- [Provided data]
::::::::::

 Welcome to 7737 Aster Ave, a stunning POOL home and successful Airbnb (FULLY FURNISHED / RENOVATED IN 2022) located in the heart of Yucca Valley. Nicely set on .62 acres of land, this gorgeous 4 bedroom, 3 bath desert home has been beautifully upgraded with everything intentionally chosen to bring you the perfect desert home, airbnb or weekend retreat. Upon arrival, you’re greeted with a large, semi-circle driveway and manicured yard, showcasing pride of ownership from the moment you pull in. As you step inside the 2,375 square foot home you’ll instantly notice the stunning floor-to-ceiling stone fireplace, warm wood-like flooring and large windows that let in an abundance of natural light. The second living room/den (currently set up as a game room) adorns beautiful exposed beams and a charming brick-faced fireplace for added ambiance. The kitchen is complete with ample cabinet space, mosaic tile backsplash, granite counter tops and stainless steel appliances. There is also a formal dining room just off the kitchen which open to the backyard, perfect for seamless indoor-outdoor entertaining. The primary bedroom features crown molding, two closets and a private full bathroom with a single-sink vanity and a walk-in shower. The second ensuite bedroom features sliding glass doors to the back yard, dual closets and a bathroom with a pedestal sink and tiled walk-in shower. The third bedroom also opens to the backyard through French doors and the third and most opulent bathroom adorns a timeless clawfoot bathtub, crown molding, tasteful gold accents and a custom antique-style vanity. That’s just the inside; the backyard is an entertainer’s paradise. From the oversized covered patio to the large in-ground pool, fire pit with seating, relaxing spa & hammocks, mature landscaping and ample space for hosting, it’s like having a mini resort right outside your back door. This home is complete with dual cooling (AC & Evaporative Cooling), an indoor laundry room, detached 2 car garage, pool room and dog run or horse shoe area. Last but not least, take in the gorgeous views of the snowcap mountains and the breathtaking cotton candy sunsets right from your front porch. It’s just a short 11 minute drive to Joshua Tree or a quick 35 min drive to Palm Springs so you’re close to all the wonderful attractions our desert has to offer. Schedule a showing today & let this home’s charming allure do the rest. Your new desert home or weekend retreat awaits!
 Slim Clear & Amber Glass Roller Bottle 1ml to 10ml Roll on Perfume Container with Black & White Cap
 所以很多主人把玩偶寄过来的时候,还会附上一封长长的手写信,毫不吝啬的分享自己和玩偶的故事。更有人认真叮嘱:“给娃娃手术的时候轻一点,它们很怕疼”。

::::::::::

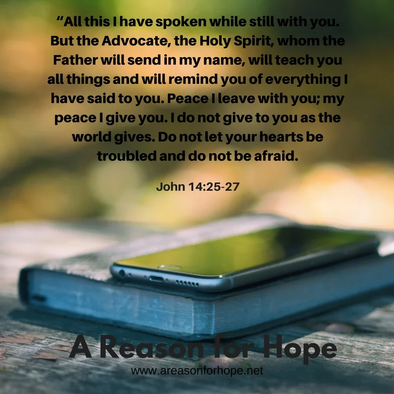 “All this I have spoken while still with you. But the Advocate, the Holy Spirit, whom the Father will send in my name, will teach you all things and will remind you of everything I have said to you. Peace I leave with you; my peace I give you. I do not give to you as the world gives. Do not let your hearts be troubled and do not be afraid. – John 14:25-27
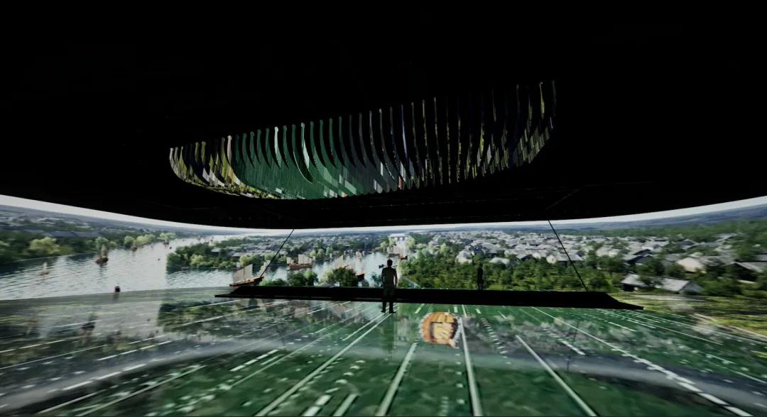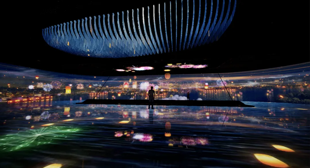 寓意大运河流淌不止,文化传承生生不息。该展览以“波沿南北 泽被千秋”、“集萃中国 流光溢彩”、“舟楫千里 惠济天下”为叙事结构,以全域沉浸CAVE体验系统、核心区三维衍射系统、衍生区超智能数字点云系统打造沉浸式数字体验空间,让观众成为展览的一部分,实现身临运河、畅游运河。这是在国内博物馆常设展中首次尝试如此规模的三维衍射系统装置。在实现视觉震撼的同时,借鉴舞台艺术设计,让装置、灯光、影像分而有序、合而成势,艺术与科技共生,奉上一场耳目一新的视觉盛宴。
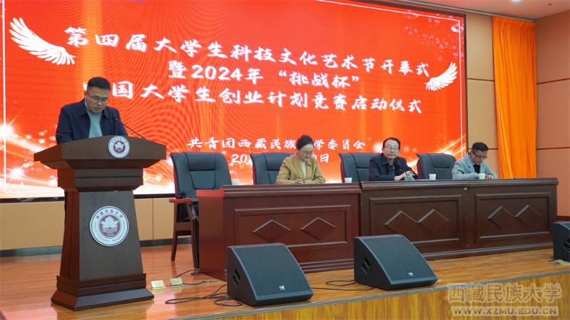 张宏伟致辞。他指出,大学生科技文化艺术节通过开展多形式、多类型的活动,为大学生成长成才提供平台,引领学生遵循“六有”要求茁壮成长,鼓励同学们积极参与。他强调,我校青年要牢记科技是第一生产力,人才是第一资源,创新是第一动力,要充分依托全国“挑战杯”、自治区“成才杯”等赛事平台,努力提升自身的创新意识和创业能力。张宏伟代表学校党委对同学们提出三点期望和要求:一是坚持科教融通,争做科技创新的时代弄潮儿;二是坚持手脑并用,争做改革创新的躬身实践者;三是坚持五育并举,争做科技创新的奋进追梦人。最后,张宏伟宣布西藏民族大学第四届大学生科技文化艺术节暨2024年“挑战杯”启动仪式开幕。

::::::::::

- [Task details] Above are some lines. Repeat exactly, and only, those from the line that has "Slim Clear &" through the line that has "所以很多主人把玩偶寄过来的时".

- [Output of the exercise]
 Slim Clear & Amber Glass Roller Bottle 1ml to 10ml Roll on Perfume Container with Black & White Cap
 所以很多主人把玩偶寄过来的时候,还会附上一封长长的手写信,毫不吝啬的分享自己和玩偶的故事。更有人认真叮嘱:“给娃娃手术的时候轻一点,它们很怕疼”。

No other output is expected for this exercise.